# Got an issue with OEM hurst shifter



## xconcepts (Jan 4, 2009)

OK so I have been trying to reinstall the OEM hurst shifter. I pulled the quick shift and had no problem putting the OEM one one. However, something is wrong cause the center console will not fit. 

I pulled the shifter adapter off thinking it was the reason, but I cannot get 2 holes to line up. So do I have the wrong shifter linkage or am I doing something wrong? It does appear that the floor was cut to move the linkage. BTW the chrome stuff is new heat dampiner I just put down.


----------



## freethinker (Nov 14, 2009)

that is not the correct shifter adapter. the correct one does not move the shifter that far left.

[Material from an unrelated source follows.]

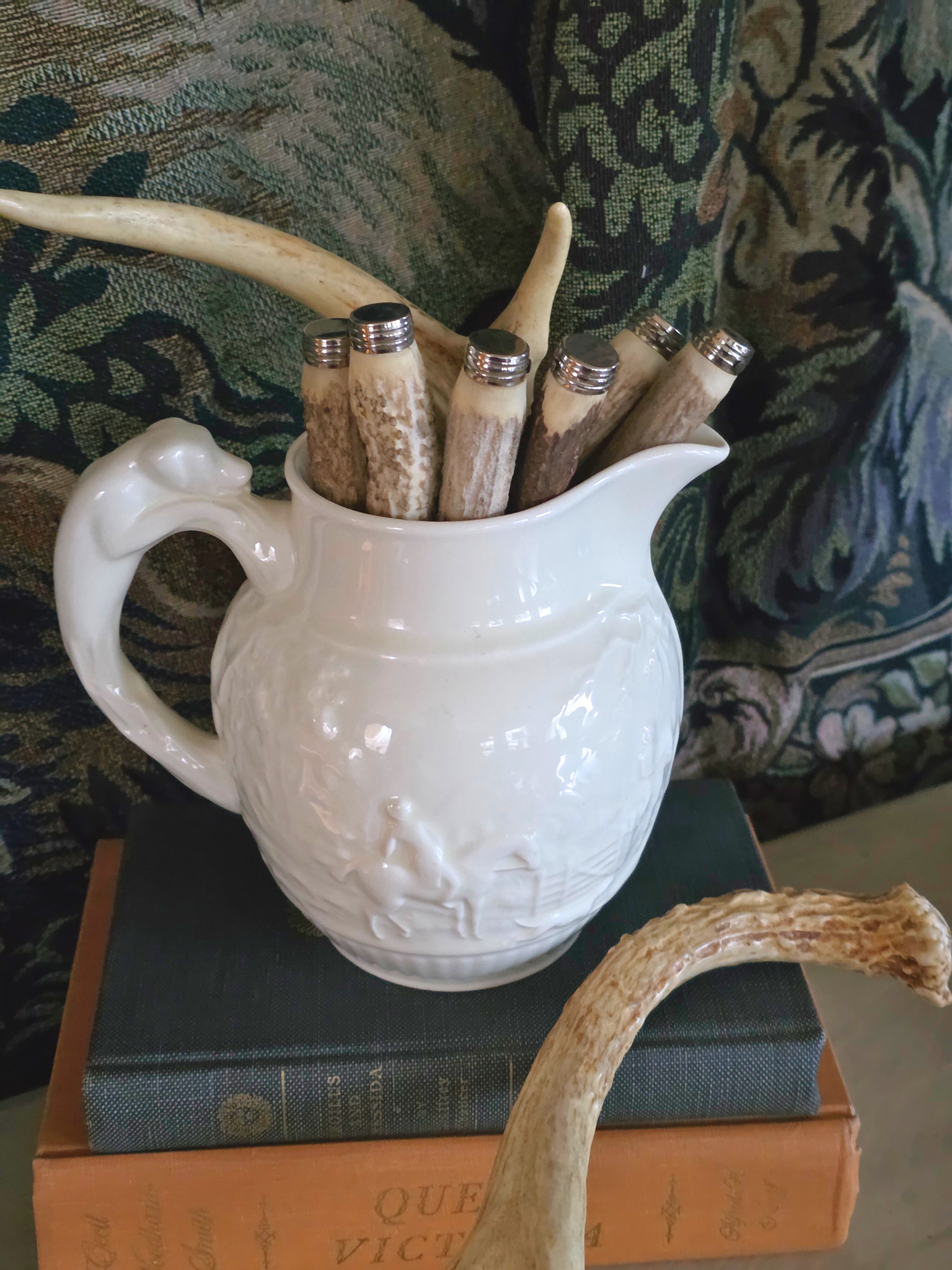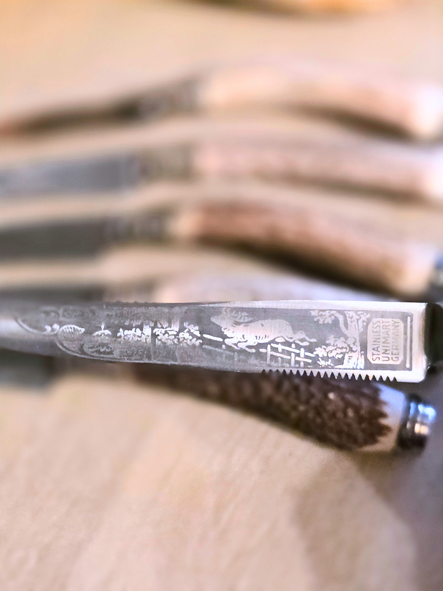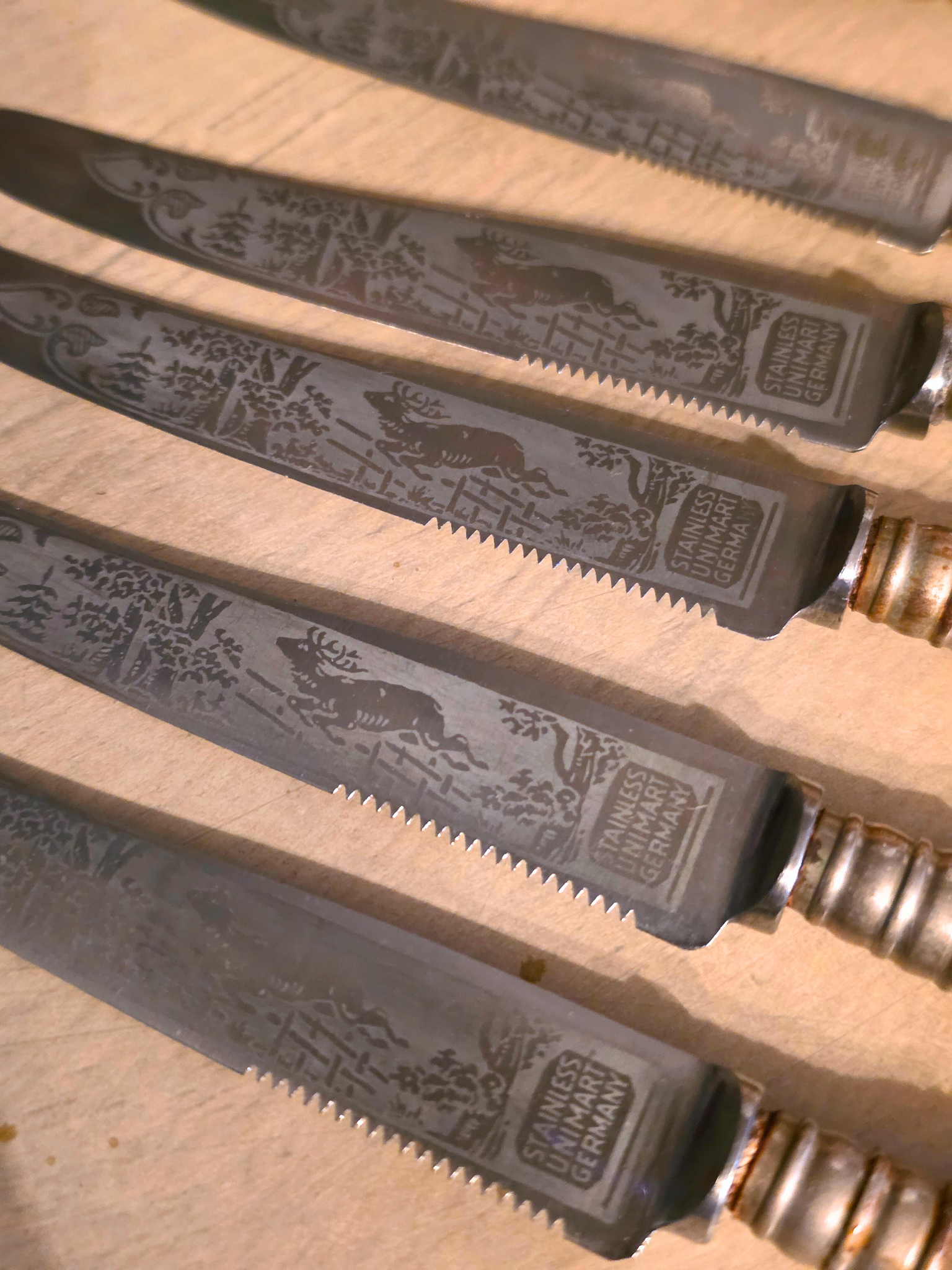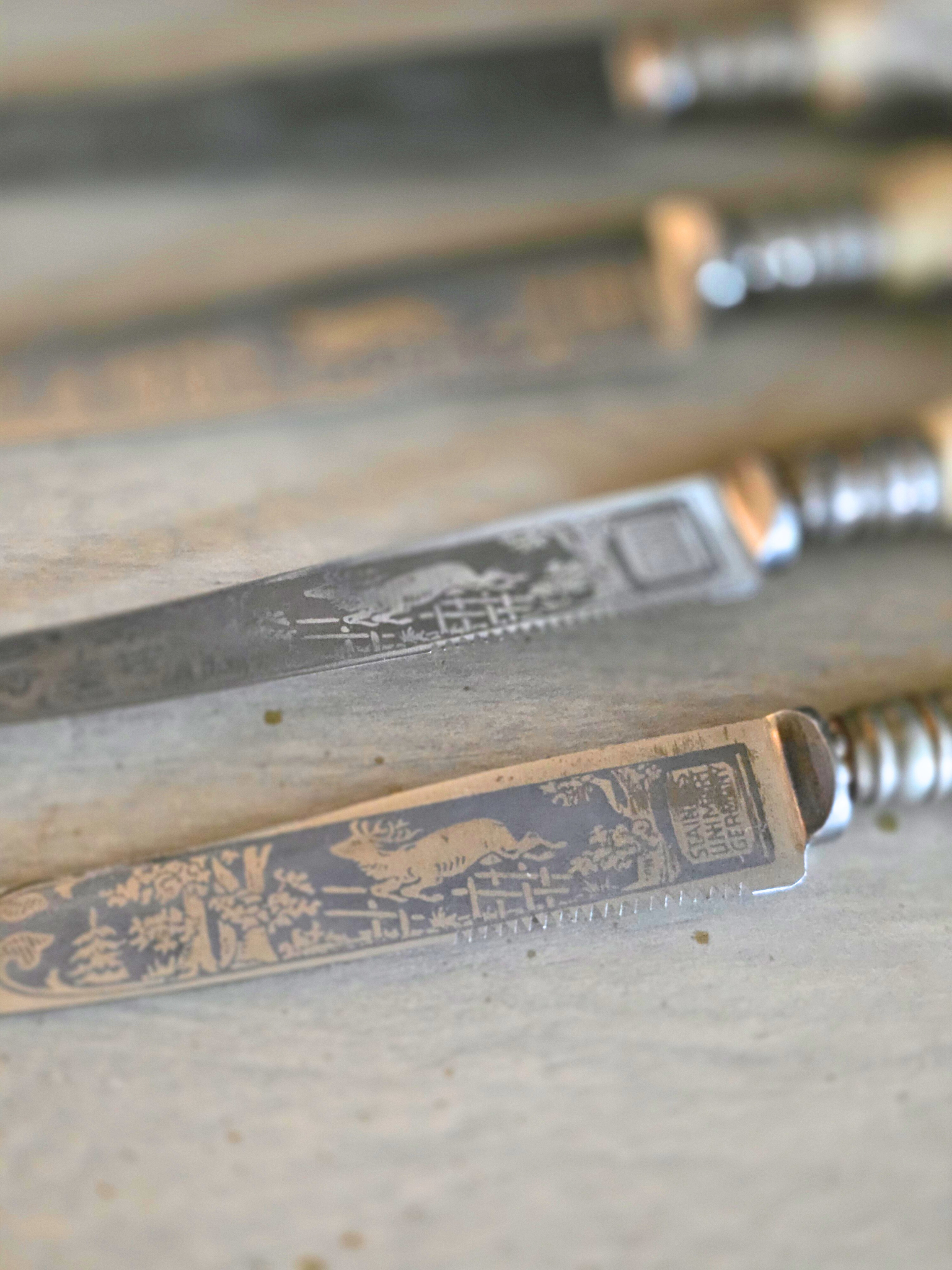 These vintage stag-handle knives embody the essence of the Black Forest aesthetic, featuring beautiful stag engraving and, naturally textured antler handles, old-world craftsmanship, and rugged Alpine charm. Each piece showcases the raw beauty of hand-carved antler, metalwork with a timeworn patina, and classic rustic detailing reminiscent of 19th-century German, great for Black Forest aesthetic displays, or Black Forest tablescape. Set of 6

py also has them repo if you cant find one:
RPU200 1964-66 SHIFTER PLATE, 4-speed w/ nut......................$29.00
Has 2 small holes through big center cutout!!
RPU202 1967-72 SHIFTER PLATE, 4-speed w/ nut......................$29.00
RPU202A SHIFT PLATE- HURST COMP.........................................$20.00
RPU203 1968-72 AT SHIFTER PLATE...........................................$27.00


----------



## Eric Animal (Oct 28, 2007)

:agree Contact Pete Serio at Precision Pontiac, he will set you straight and can probably supply the parts you need!!! Precision Pontiac Home Page tell him Eric Aull (all) sent you! Eric


----------



## xconcepts (Jan 4, 2009)

I got the plate ordered, but need to see if anyone knows if the bolt and plate that is missing from the shifter is a big deal. You can see where its missing in the 2nd and 3rd pic.


----------



## freethinker (Nov 14, 2009)

xconcepts said:


> I got the plate ordered, but need to see if anyone knows if the bolt and plate that is missing from the shifter is a big deal. You can see where its missing in the 2nd and 3rd pic.


the bolts are just bolts but the top bolt has a special flat nut that fits onto a slot. that will be hard to duplicate. buy it if you can.


----------



## roush05 (Sep 19, 2011)

The plate on my 64 bolts directly to the trans and the shifter bolts to that.


----------